- **Task directions**
Should an entry contain an image, omit it and repeat the rest exactly.

(Stored data entries)
--------
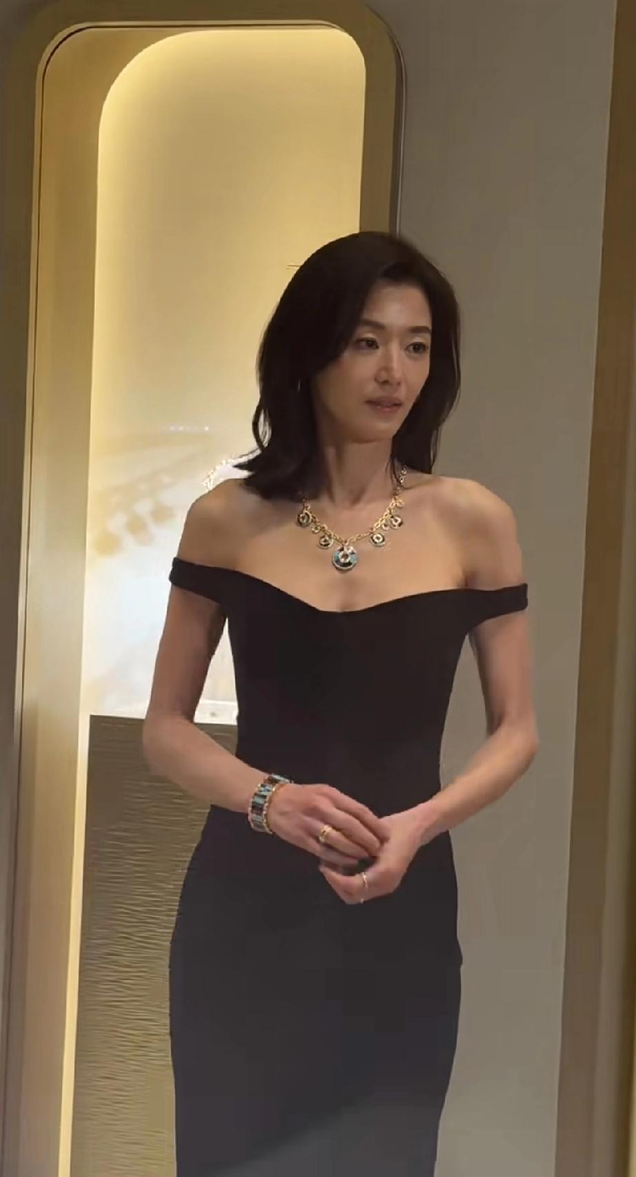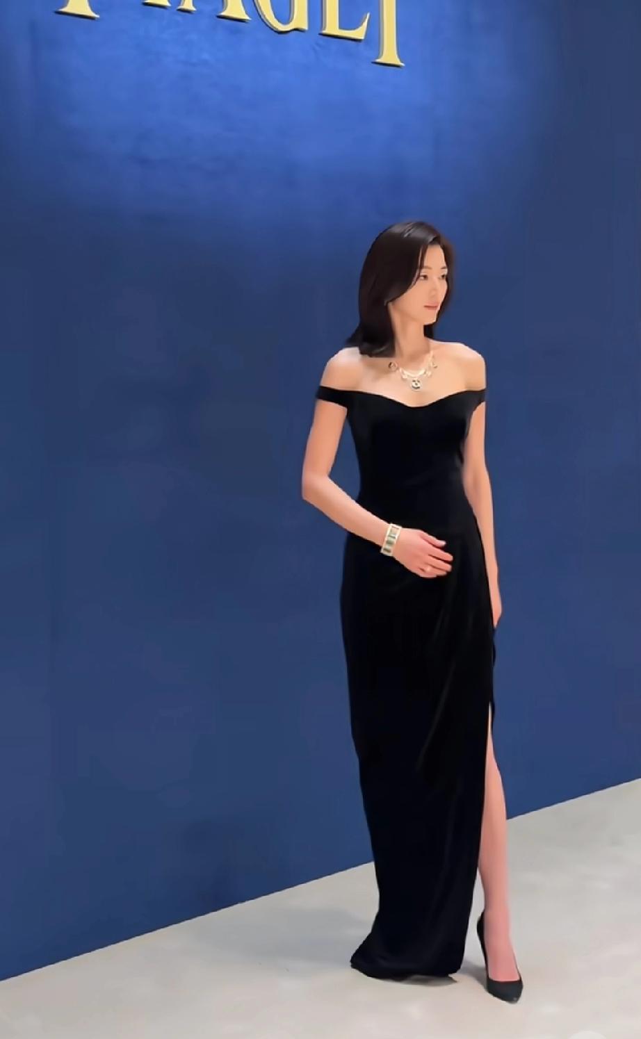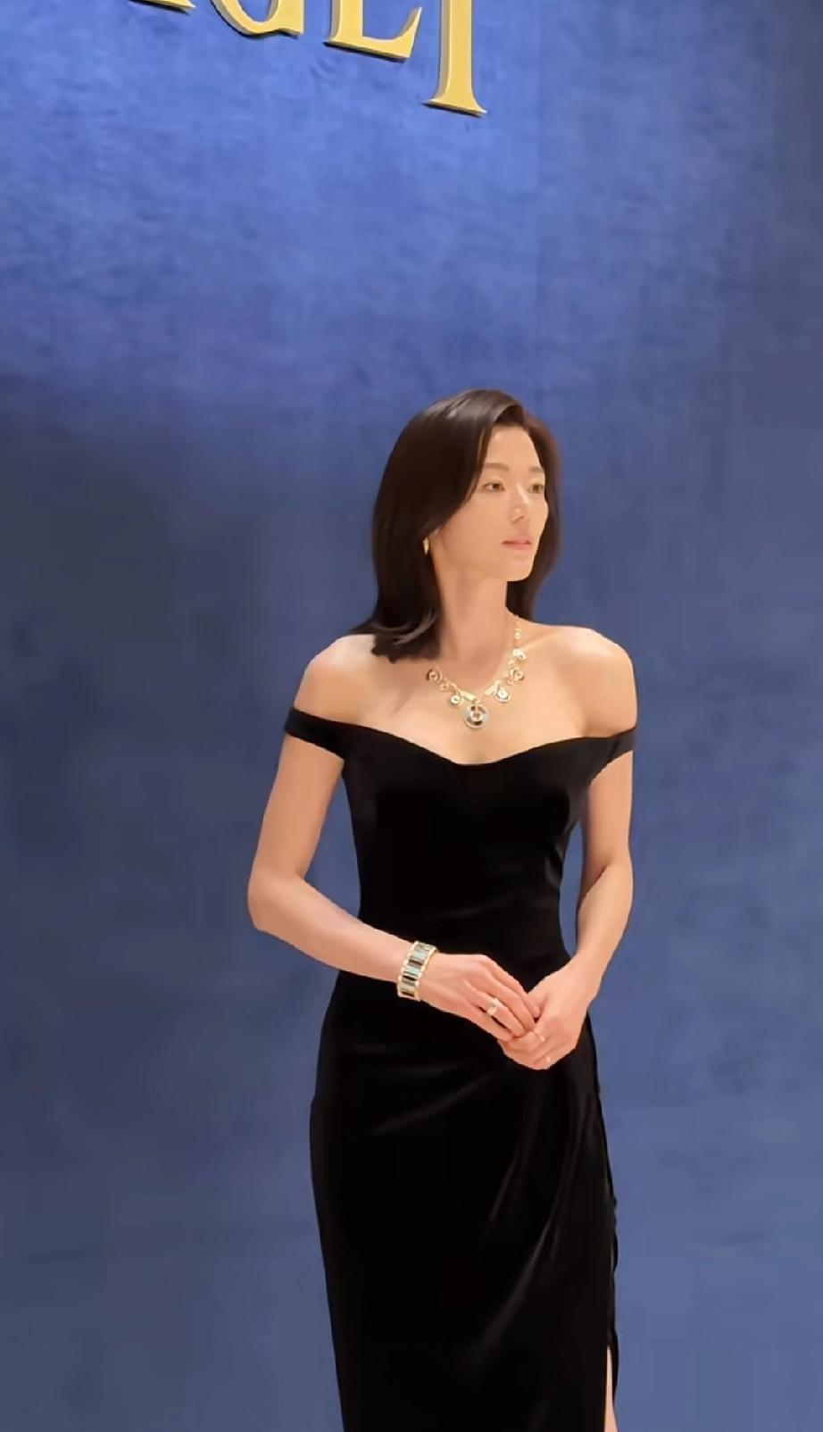 当天,全智贤一身黑色一字肩低领抹胸礼裙,优雅大气,她的状态这几年忽上忽下,但身材一直是被夸的。
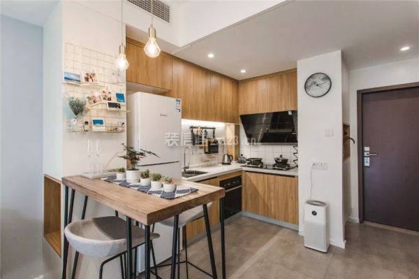 入户就是开放空间的格局,设计师在橱柜和入户门之间做个一个到顶
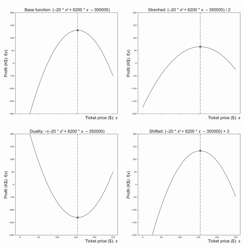 Ticket pricing problem—the optimal pricing that maximizes profit is $155 per ticket.
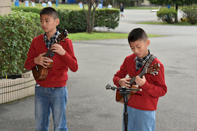 活動由二年孝班謝皓旭、劉瑞宣帶來的相聲揭開序幕。兩位小小相聲演員,用幽默的對話討論什麼是感恩樹、為什麼要感謝他人,逗得全場笑聲不斷,也在歡笑之中,讓孩子們明白:感恩可以輕鬆又真心。接著登場的是六年義班周鈺翔與四年忠班周鈺峰兄弟檔的烏克麗麗演奏,清脆明亮的琴聲,為校慶帶來一陣溫柔的海風。隨後,四年義班高維妮表演拉丁舞,每一個自信的轉身和步伐,都訴說著她長時間練習、不輕言放棄的堅持。緊接著,六年仁班陳琝甯細膩的長笛樂音,帶給大家一段寧靜恬然的時光,音符在空中流動,彷彿替每個人輕輕抹去一天的疲憊。
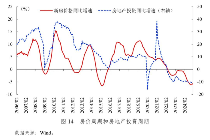 2006-2016年,房价周期和房地产投资周期呈现3年左右一个小周期特征,房地产投资周期滞后于房价周期约1个季度至半年(见图14)。房价回暖向房地产投资增长的传导速度主要取决于房企拿地意愿和开发能力,考虑到房企债务违约风险尚未完全出清,需通过减少拿地和新开工项目来稳定现金流,因此房地产投资降幅短期内难以收窄。此外,2025年房企债券到期规模达5257亿元,较2024年偿债压力进一步加大(2024年房企债券到期规模为4828亿元)。在新房销售尚未止跌企稳以及资产处置难度较大的情况下,房企偿债压力上升可能导致房地产投资周期相较于房价周期的滞后性进一步被拉长。
--------
- **Exercise output**
 当天,全智贤一身黑色一字肩低领抹胸礼裙,优雅大气,她的状态这几年忽上忽下,但身材一直是被夸的。
 入户就是开放空间的格局,设计师在橱柜和入户门之间做个一个到顶
 Ticket pricing problem—the optimal pricing that maximizes profit is $155 per ticket.
 活動由二年孝班謝皓旭、劉瑞宣帶來的相聲揭開序幕。兩位小小相聲演員,用幽默的對話討論什麼是感恩樹、為什麼要感謝他人,逗得全場笑聲不斷,也在歡笑之中,讓孩子們明白:感恩可以輕鬆又真心。接著登場的是六年義班周鈺翔與四年忠班周鈺峰兄弟檔的烏克麗麗演奏,清脆明亮的琴聲,為校慶帶來一陣溫柔的海風。隨後,四年義班高維妮表演拉丁舞,每一個自信的轉身和步伐,都訴說著她長時間練習、不輕言放棄的堅持。緊接著,六年仁班陳琝甯細膩的長笛樂音,帶給大家一段寧靜恬然的時光,音符在空中流動,彷彿替每個人輕輕抹去一天的疲憊。
 2006-2016年,房价周期和房地产投资周期呈现3年左右一个小周期特征,房地产投资周期滞后于房价周期约1个季度至半年(见图14)。房价回暖向房地产投资增长的传导速度主要取决于房企拿地意愿和开发能力,考虑到房企债务违约风险尚未完全出清,需通过减少拿地和新开工项目来稳定现金流,因此房地产投资降幅短期内难以收窄。此外,2025年房企债券到期规模达5257亿元,较2024年偿债压力进一步加大(2024年房企债券到期规模为4828亿元)。在新房销售尚未止跌企稳以及资产处置难度较大的情况下,房企偿债压力上升可能导致房地产投资周期相较于房价周期的滞后性进一步被拉长。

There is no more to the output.